Codex Security takes a different approach from traditional static analysis tools. Instead of scanning a single file line by line, it understands the entire project context. This means:

  • It can detect when a function that looks safe in isolation becomes dangerous in the context where it's called
  • It can trace how user input flows through the data pipeline
  • It can find common vulnerability types like SQL injection, XSS, and SSRF not just through pattern matching, but with semantic understanding

The most critical difference: Codex Security doesn't just say "there might be a problem here" — it explains why the vulnerability is dangerous and offers a fix.

Why Does This Matter So Much?

In the software world, security vulnerabilities are typically found in two ways: either by a security researcher (expensive and slow), or after an attack has already occurred (too late). Existing static analysis tools (SAST) produce high rates of false positives and waste developers' time.

Codex Security's promise is to break this cycle:

  1. During development: Security scanning before commits, as code is being written
  2. Context awareness: Contextual analysis across the entire project, not just a single file
  3. Validation: Assessing whether a found vulnerability is actually exploitable
  4. Remediation: Not just warnings, but concrete fix suggestions

What Changes for Developers?

This development could be a game-changer, especially for small and mid-sized teams. While large companies have dedicated security teams, in most startups and SMBs, security is something developers look at "if there's time." AI-powered security analysis has the potential to reduce this imbalance.
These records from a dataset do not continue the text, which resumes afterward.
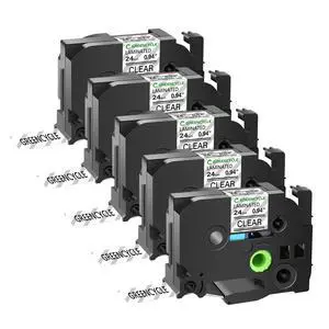 GREENCYCLE TZe-151 24mm 0.94 Laminated Clear Tape Compatible for Brother P-Touch Black on Clear TZ-151 TZe151 1 inch TZe TZ Tape for Ptouch PT-D600 PT-D610BT PT-P700 PT-P710BT, 5 Pack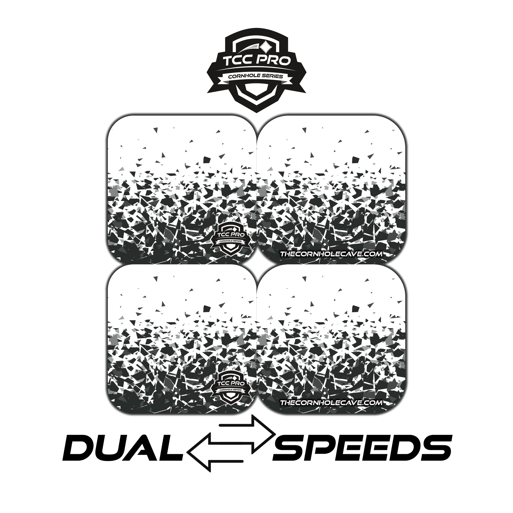 Elite Pro Cornhole Bags – Set of 4 - Extra Hole Friendly & 5x Longer Lasting - Shattered Glass Black White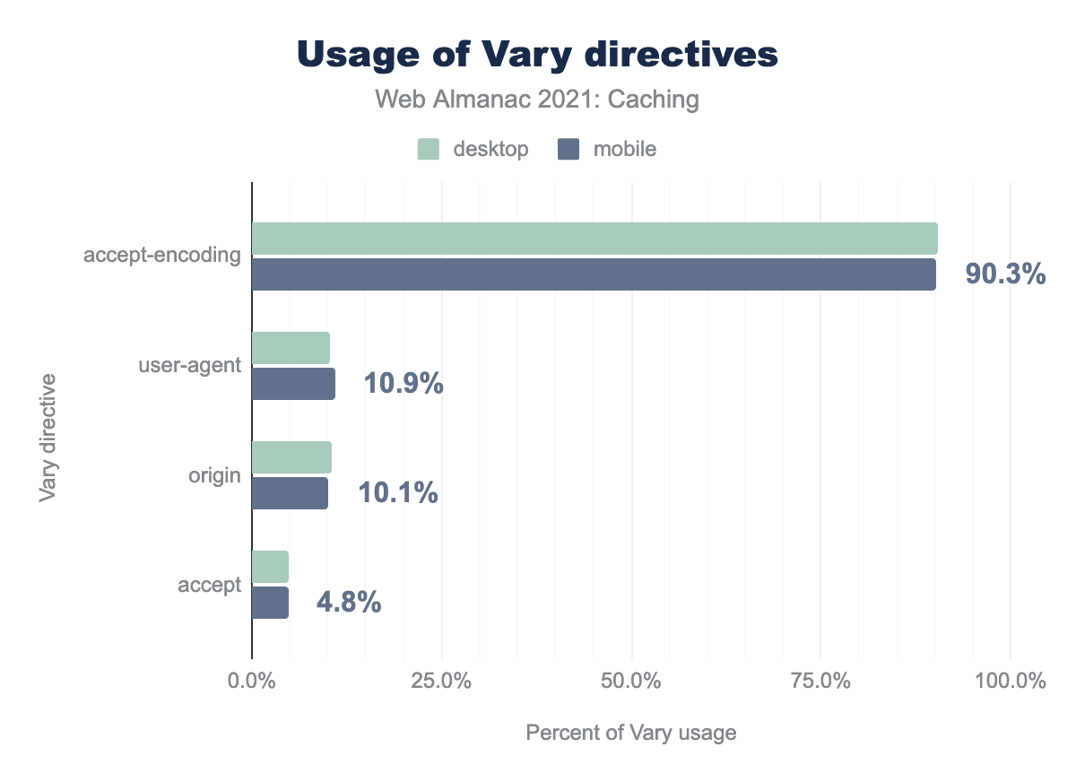 もっとも普及している Vary ヘッダーは Accept-Encoding で90.3% の使用率、次いで User-Agent で10.9% 、 Origin で10.1% 、そして Accept で4.8% の使用率です。
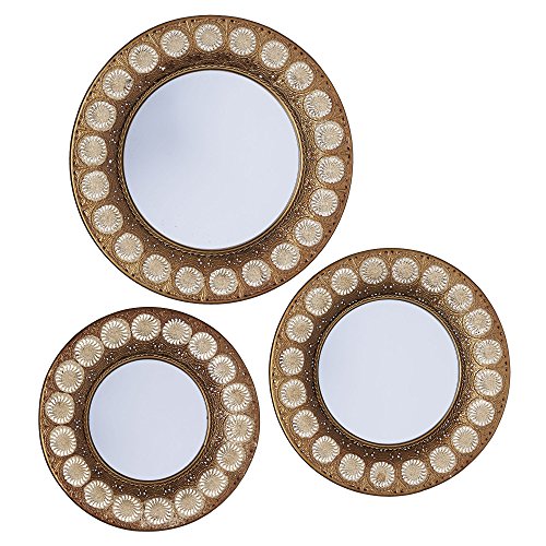 Household Essentials Round Decorative Sunburst Wall Mirror Set Of 3, Gold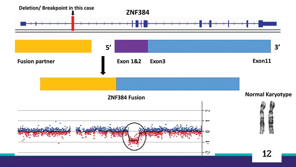 “That is the important part: Whenever you find these small alterations in microarray, usually the chromosomal analysis does not show anything specific.” If she had not found the ZNF384 rearrangement, Dr. Aggarwal says she would have sent the specimen out for additional testing.
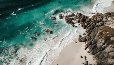 Breathtaking aerial view of turquoise ocean waves crashing against a dramatic rocky coastline cliff. Ai generated image

However, there are important caveats:

  • AI doesn't replace human security experts. Complex attack vectors and business logic vulnerabilities still require human expertise.
  • The false positive problem isn't fully solved. Contextual analysis reduces the rate but doesn't eliminate it.
  • It's in research preview. It's not a production-ready product yet.

The Big Picture: AI's Role in the Software Lifecycle

Codex Security is one of the most concrete signs that AI's role in the software development process is expanding. AI is no longer just a code-writing assistant — it's evolving into a multi-layered partner that reviews code, tests, performs security audits, and suggests fixes.

This evolution is also changing how developers choose AI tools. Instead of being locked into a single tool, being able to use the most suitable AI solution for each stage — coding, review, testing, security — is becoming increasingly important.

The future is heading toward a cycle where AI audits the code that AI writes. Codex Security is one of the first serious steps in that cycle.